#### [Task to complete]
Please return exactly the lines below that run from the line with "2021年末,齐鲁银行拨备覆" through the end of the listing, both included, but not the pictures.

#### [Data for review]
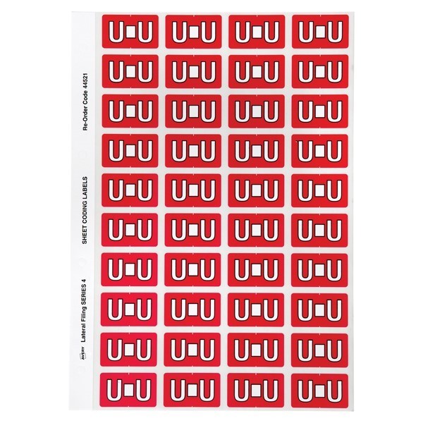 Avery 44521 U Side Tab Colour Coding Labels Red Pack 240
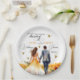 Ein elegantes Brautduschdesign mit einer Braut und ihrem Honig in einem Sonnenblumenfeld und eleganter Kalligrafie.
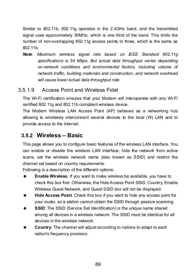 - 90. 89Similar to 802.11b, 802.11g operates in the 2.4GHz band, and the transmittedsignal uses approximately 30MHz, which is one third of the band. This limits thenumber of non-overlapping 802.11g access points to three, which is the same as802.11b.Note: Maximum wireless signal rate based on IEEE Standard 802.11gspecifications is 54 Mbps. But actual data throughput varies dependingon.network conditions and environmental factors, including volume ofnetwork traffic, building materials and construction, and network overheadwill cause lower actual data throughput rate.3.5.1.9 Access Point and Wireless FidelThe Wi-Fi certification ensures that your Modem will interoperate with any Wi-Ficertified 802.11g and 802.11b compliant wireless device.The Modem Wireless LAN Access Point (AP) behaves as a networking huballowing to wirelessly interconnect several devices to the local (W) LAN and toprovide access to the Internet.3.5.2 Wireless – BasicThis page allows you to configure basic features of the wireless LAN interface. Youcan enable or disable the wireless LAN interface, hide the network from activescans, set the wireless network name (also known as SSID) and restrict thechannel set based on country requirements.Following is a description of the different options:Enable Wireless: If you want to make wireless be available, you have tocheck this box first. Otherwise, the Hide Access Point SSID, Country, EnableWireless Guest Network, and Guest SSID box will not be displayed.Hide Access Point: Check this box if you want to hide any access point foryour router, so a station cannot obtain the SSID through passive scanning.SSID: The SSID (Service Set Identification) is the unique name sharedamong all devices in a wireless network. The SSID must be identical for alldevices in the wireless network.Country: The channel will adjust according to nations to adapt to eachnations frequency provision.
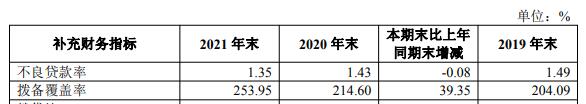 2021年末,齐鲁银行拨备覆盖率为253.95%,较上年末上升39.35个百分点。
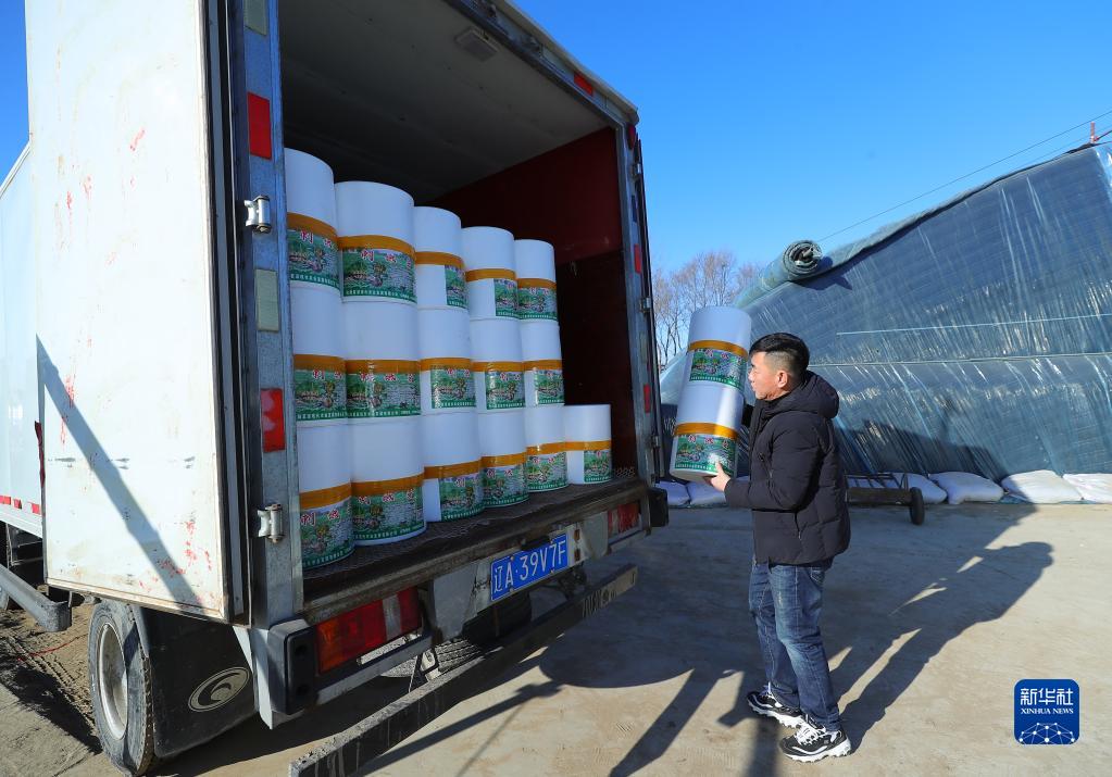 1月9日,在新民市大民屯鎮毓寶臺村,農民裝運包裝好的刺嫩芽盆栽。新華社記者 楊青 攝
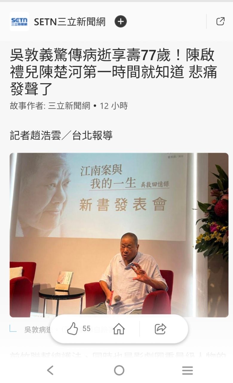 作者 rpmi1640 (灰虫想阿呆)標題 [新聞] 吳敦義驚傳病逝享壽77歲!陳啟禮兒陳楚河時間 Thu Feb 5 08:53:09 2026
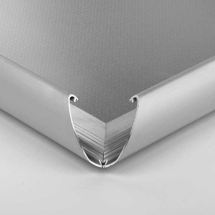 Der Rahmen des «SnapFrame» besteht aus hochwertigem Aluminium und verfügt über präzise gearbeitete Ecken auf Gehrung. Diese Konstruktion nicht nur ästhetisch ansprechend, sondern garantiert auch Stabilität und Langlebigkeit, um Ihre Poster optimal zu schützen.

#### [Task response]
 2021年末,齐鲁银行拨备覆盖率为253.95%,较上年末上升39.35个百分点。
 1月9日,在新民市大民屯鎮毓寶臺村,農民裝運包裝好的刺嫩芽盆栽。新華社記者 楊青 攝
 作者 rpmi1640 (灰虫想阿呆)標題 [新聞] 吳敦義驚傳病逝享壽77歲!陳啟禮兒陳楚河時間 Thu Feb 5 08:53:09 2026
 Der Rahmen des «SnapFrame» besteht aus hochwertigem Aluminium und verfügt über präzise gearbeitete Ecken auf Gehrung. Diese Konstruktion nicht nur ästhetisch ansprechend, sondern garantiert auch Stabilität und Langlebigkeit, um Ihre Poster optimal zu schützen.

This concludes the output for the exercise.